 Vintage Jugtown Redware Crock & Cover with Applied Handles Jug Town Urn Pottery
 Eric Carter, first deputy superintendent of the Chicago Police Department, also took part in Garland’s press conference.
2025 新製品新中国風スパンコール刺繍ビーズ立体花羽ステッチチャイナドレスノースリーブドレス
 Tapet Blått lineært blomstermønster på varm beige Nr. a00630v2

* * *

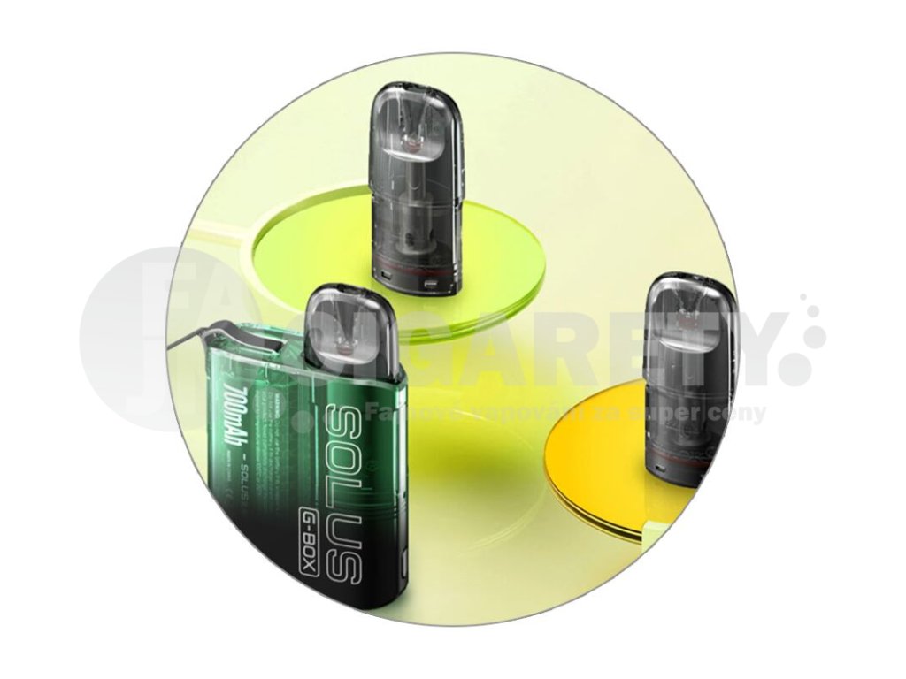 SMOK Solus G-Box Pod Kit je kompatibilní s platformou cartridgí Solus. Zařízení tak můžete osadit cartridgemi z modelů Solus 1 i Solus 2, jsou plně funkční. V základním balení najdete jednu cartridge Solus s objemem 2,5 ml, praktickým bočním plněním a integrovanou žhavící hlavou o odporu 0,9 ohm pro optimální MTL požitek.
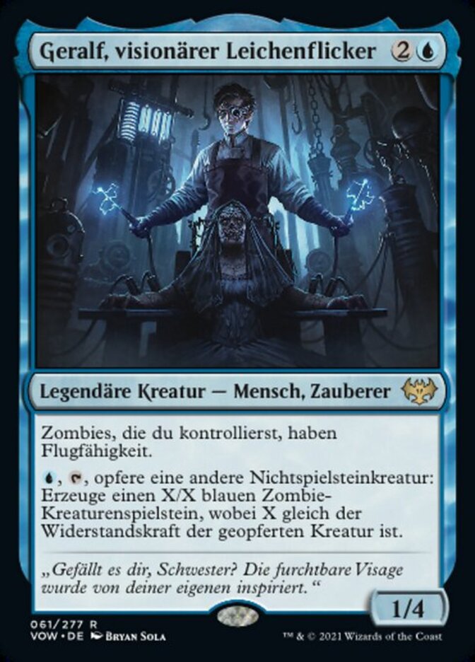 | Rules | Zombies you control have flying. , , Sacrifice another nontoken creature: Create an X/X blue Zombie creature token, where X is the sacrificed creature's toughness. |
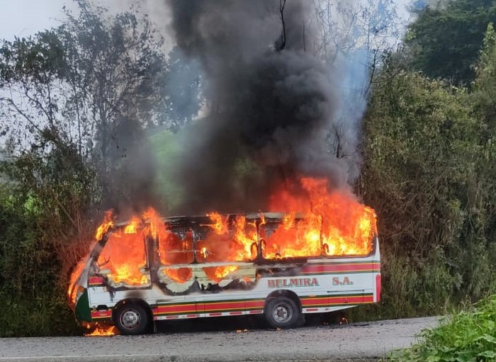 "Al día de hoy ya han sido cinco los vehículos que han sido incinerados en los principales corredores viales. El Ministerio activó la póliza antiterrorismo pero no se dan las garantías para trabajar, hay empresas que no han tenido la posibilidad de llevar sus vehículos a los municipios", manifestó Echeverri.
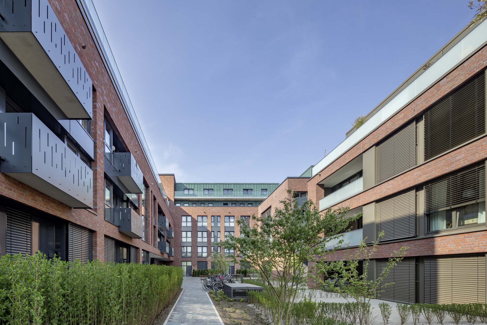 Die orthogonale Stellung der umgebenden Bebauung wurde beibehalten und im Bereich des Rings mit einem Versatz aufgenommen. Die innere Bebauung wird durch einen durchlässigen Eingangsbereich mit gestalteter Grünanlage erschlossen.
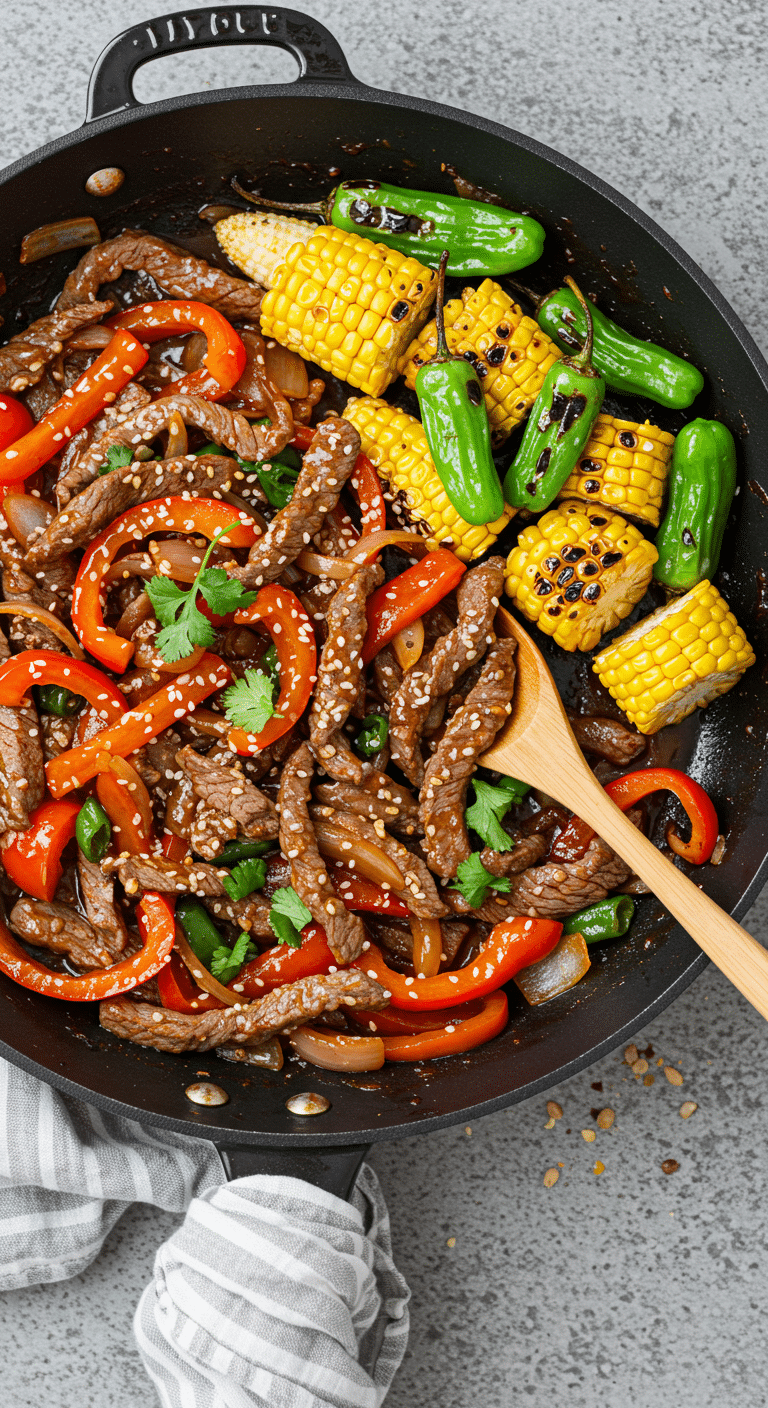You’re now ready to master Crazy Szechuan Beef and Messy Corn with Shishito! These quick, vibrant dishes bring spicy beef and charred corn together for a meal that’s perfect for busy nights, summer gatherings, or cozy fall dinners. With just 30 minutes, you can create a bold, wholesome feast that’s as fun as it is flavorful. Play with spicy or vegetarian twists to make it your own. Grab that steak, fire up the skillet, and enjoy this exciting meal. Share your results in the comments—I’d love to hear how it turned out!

...

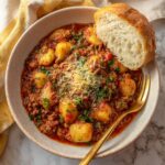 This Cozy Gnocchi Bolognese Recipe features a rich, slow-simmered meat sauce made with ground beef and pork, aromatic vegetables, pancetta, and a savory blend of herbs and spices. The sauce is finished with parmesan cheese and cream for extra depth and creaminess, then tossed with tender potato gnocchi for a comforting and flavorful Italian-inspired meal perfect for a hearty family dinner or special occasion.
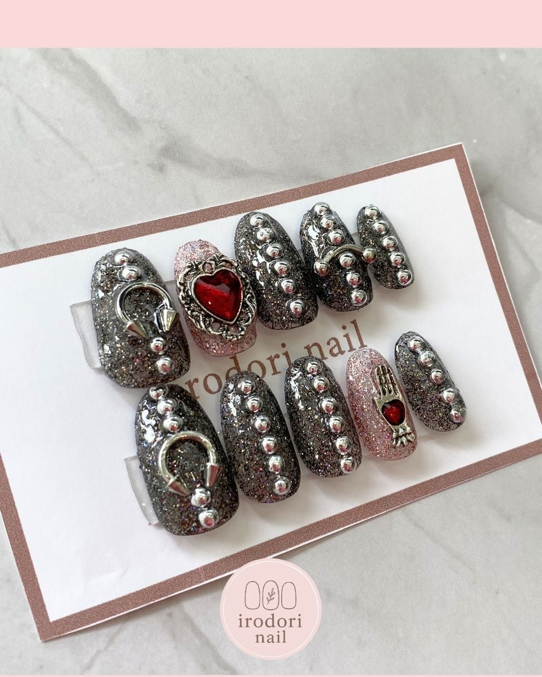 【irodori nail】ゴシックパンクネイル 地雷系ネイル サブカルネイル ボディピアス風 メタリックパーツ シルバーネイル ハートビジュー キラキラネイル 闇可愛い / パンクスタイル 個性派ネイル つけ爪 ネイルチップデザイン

**AIM OF THE TASK**: Reproduce the listing above only between the lines holding "ya han sido" and "You’re now ready", inclusive. Every line must match exactly, and pictures are dropped.

**WRITTEN ANSWER**:
 "Al día de hoy ya han sido cinco los vehículos que han sido incinerados en los principales corredores viales. El Ministerio activó la póliza antiterrorismo pero no se dan las garantías para trabajar, hay empresas que no han tenido la posibilidad de llevar sus vehículos a los municipios", manifestó Echeverri.
 Die orthogonale Stellung der umgebenden Bebauung wurde beibehalten und im Bereich des Rings mit einem Versatz aufgenommen. Die innere Bebauung wird durch einen durchlässigen Eingangsbereich mit gestalteter Grünanlage erschlossen.
You’re now ready to master Crazy Szechuan Beef and Messy Corn with Shishito! These quick, vibrant dishes bring spicy beef and charred corn together for a meal that’s perfect for busy nights, summer gatherings, or cozy fall dinners. With just 30 minutes, you can create a bold, wholesome feast that’s as fun as it is flavorful. Play with spicy or vegetarian twists to make it your own. Grab that steak, fire up the skillet, and enjoy this exciting meal. Share your results in the comments—I’d love to hear how it turned out!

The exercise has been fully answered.